Plastic-free food packaging that kills dangerous bacteria
A team of scientists from NTU Singapore and Harvard T.H. Chan School of Public Health has developed a ‘smart’ food packaging material that is biodegradable, sustainable and kills microbes that are harmful to humans.
Potentially extending the shelf-life of fresh fruit by two to three days, the natural food packaging is made from a type of corn protein called zein, starch and other naturally derived biopolymers.
It is also infused with a cocktail of natural antimicrobial compounds such as oil from thyme and citrus acid.
In lab experiments, when exposed to an increase in humidity or enzymes from harmful bacteria, the fibers in the packaging have been shown to release the natural antimicrobial compounds.
This kills common dangerous bacteria that contaminate food, such as E. coli and Listeria, as well as fungi.
The packaging is designed to release the necessary minuscule amounts of antimicrobial compounds only in response to the presence of additional humidity or bacteria.
This ensures that the packaging can endure several exposures, and last for months.
As the compounds combat any bacteria that grow on the surface of the packaging as well as on the food product itself, it has the potential to be used for a large variety of products, including ready-to-eat foods, raw meat, fruits and vegetables.
In an experiment, strawberries that were wrapped in the packaging stayed fresh for seven days before developing mold, compared to counterparts that were kept in mainstream fruit plastic boxes, which only stayed fresh for four days.

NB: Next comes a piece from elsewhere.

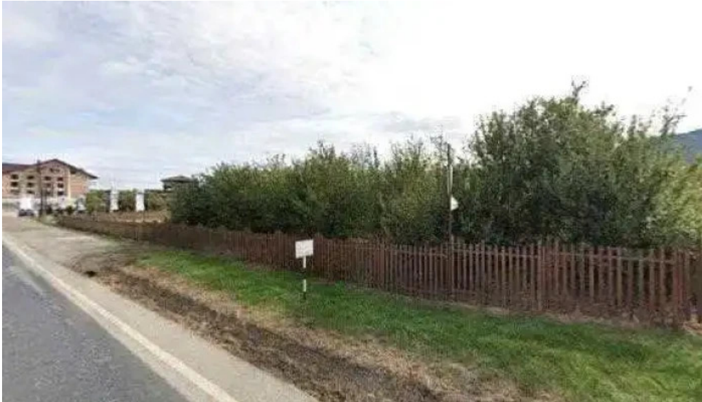
Muzeul de arheologie sarmizegetusa street view si 360deg

The invention is the result of the collaboration by scientists from the NTU-Harvard T. H. Chan School of Public Health Initiative for Sustainable Nanotechnology (NTU-Harvard SusNano), which brings together NTU and Harvard Chan School researchers to work on cutting edge applications in agriculture and food.
The development of this advanced food packaging material is part of the University’s efforts to promote sustainable food tech solutions.